Blio, which will be available as a free download in February, is designed to work with existing devices including Windows-based computers, iPhones and most browsers. The advantage is that Blio can incorporate many of the interactive functions people have come to expect from surfing the Web: embedded slide shows, Flash animations, soundtracks, videos and links to related content. Go here to glance at a feature comparison chart from Blio.

Kurzweil showed two examples, an anatomy textbook and a children's book. The textbook had an interactive quiz, and the children's book featured a narrator. For content, he teamed up with Baker & Taylor, a book distributor with a catalog of more than 6 million titles, though Blio will have only 1.2 million titles when it launches.
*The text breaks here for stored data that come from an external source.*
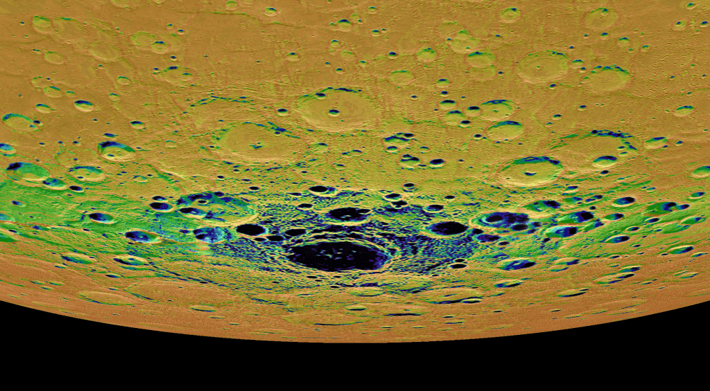 На этом снимке, сделанном «Мессенджером», показаны места расположения льда на полюсе и вблизи него.
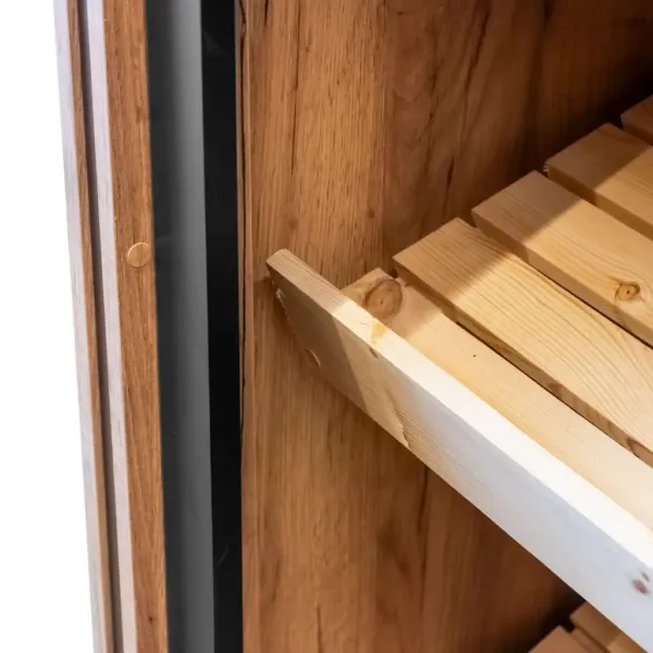 Raftul dispune de cinci polițe spațioase pentru expunerea diferitelor tipuri de pâine, de la chifle și baghete la produse de patiserie. Piesele din lemn sunt prevăzute cu sistem de ventilație, menținând prospețimea produselor mai mult timp. Dolna parte a raftului include o șufladă încăpătoare pe șine cu bile, ideală pentru depozitarea accesoriilor sau a produselor suplimentare. Aspectul modern și combinația de culori facilitează integrarea în diverse amenajări interioare.
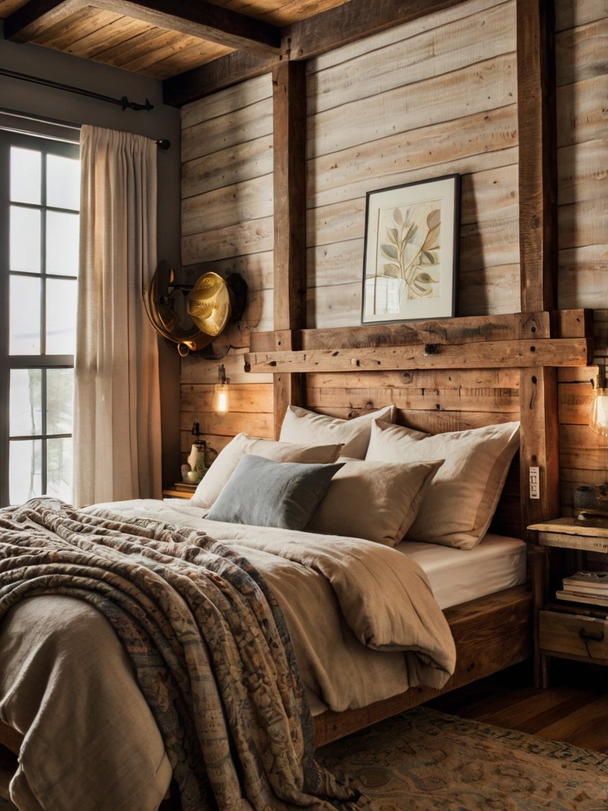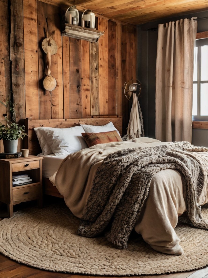 The wood-paneled wall behind the bed acts as the centrepiece of this bedroom, setting the tone for the entire space. With its rich grain, knots, and weathered textures, the wood provides an authentic, timeworn appeal that enhances the rustic aesthetic.
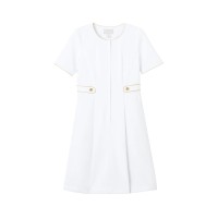 上品にスタイルアップするデザインと清潔感のあるカラーが魅力のワンピース。
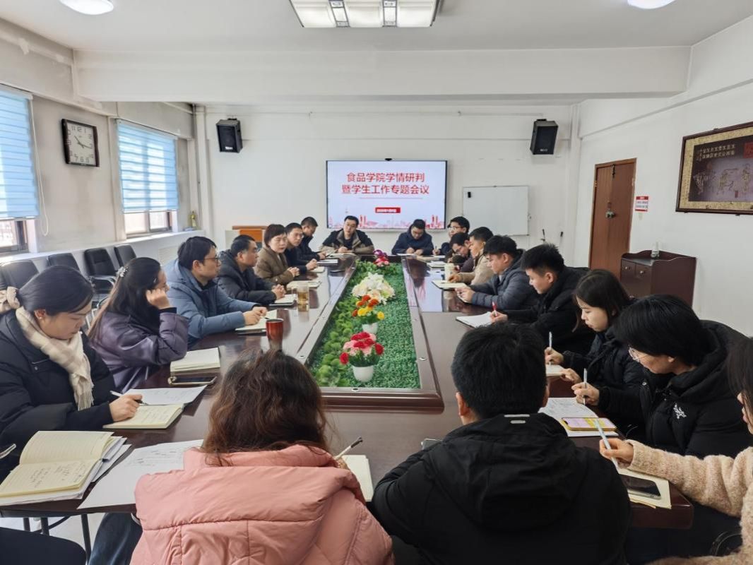 为精准把握学情动态,统筹推进学生教育管理工作,1月9日上午,食品学院在304会议室召开学情研判暨学生工作专题会议,会议由学院党委书记陈腾主持,学院全体领导班子、各专业负责人、全体辅导员及专业教师代表参会,会议聚焦毕业生实习、学生日常管理、宿舍安全、心理健康等重要议题展开深度研讨,明确工作方向与落实举措。
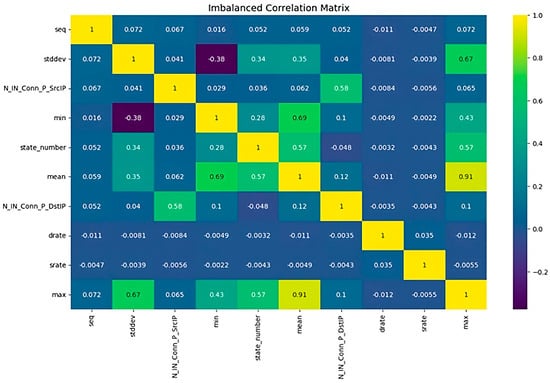 The correlation coefficient measures the relationship between two factors in a given dataset. In the BoT-IoT dataset, analyzing the correlation coefficient can provide valuable insights into the interdependencies and associations between different variables. Thereby enhancing comprehension of the dataset and its potential patterns, as seen in Figure 1.
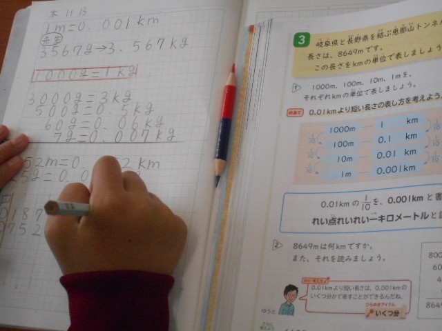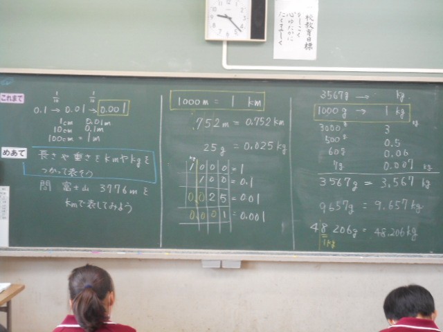 gをkg、cmをmなど、小数での表し方を考えました
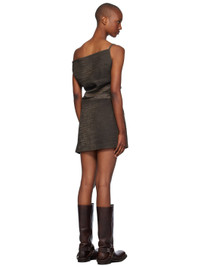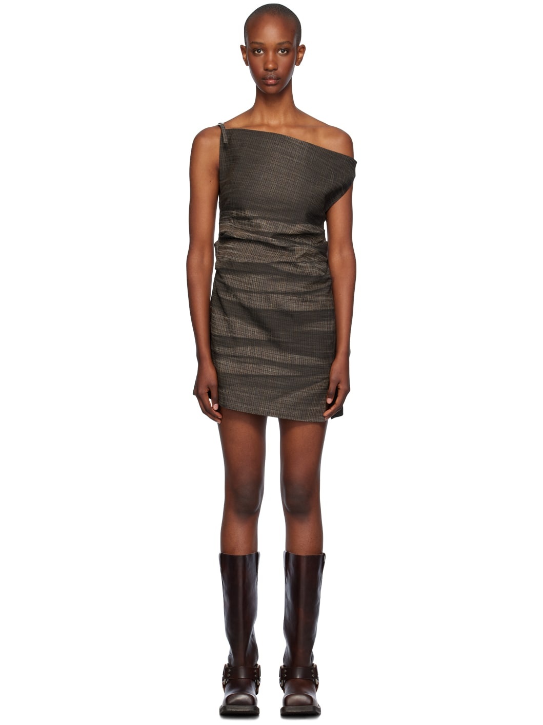 Basket-woven linen- and viscose-blend dress. Graphic pattern printed throughout. · Asymmetrical off-the-shoulder construction · Adjustable pin-buckle shoulder strap · Pleats at side seams · Concealed zip closure at side seam · Vent at side seam · Full satin lining Supplier color: Black melange Body: 60% linen, 26% viscose, 14% polyester. Lining: 100% viscose. Made in Portugal 242129F052007
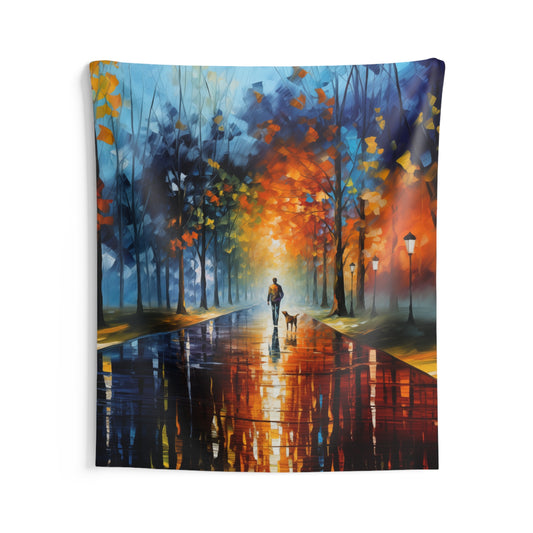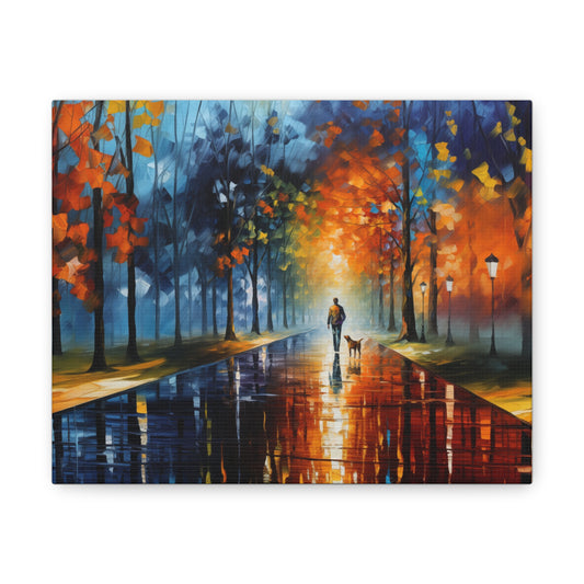 Man and Mutt Walking On Colorful Shiny Rainy Road - Canvas Gallery Wraps
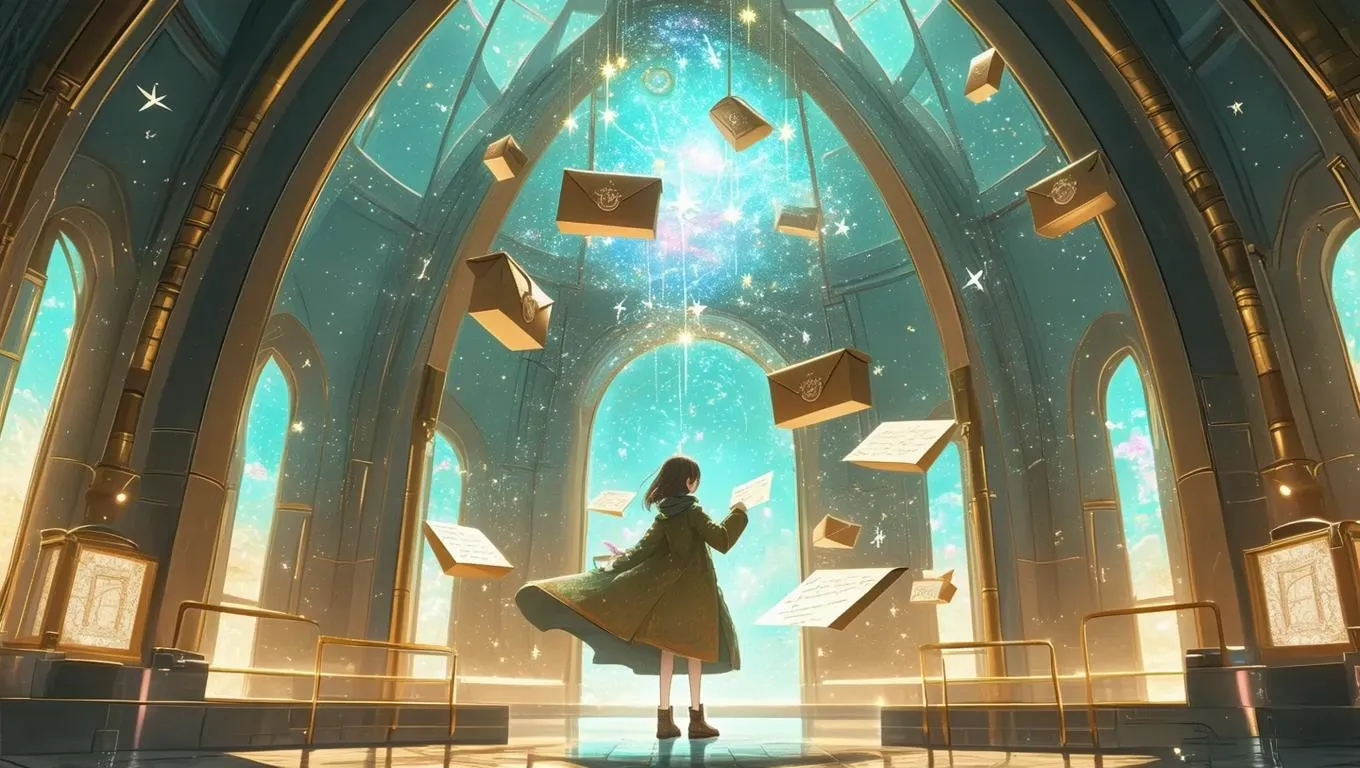 AI-generated anime art depicts a celestial spaceport cathedral with brass accents, cosmic watercolors, and starlit runes. An anime girl sends a glowing letter amid floating planetary parcels under a constellation-mapped dome. Soft pastel starbursts and cinematic lighting enhance this serene sci-fi scene—crafted with AI effects for ethereal watercolor textures and fantastical storytelling visuals.
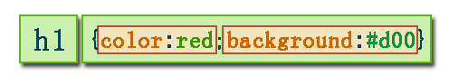 其中h1为选择器,color:red与background:#d00与声明,两者结合也即{}内称为声明块;color与background称为属性;red与#d00称为值。

Although some E Ink devices have touch-screen capabilities, such as the Sony Reader Touch Edition and the upcoming Que proReader from Plastic Logic, the response time is achingly slow when compared with the instant feedback of capacitive touch screens in, say, the iPhone.

The disadvantage? ...

Alex reader
Albert Teng, co-founder of Spring Design, and the Alex reader. Credit: Don Kelsen / Los Angeles Times
... Battery life. One of E Ink's greatest virtues is the fact that it sucks up far less power than LCD screens, allowing devices such as the Kindle to go through 8,000 page turns on a single charge. But as any owner of an iPod Touch can attest, LCD screens need to be plugged in several times a week, if not daily.

Another advantage of E Ink is that it isn't backlighted, so it's supposedly easier on the eyes. As a result, most of the 40 or so vendors coming out with digital reading devices this year are expected to have E Ink screens. To see a sample of these readers from CES, go here to see a slide show. Some devices, such as the Alex from Spring Design pictured on the right, have both E Ink and touch-screen LCD screens.

Unlike many of the companies displaying devices at CES (it is a consumer electronics show, after all), Kurzweil's Blio is a software play. Download the free program on an existing device and buy books from Baker & Taylor. Whether that strategy will work depends on whether readers will abandon the current reigning book technology: paper.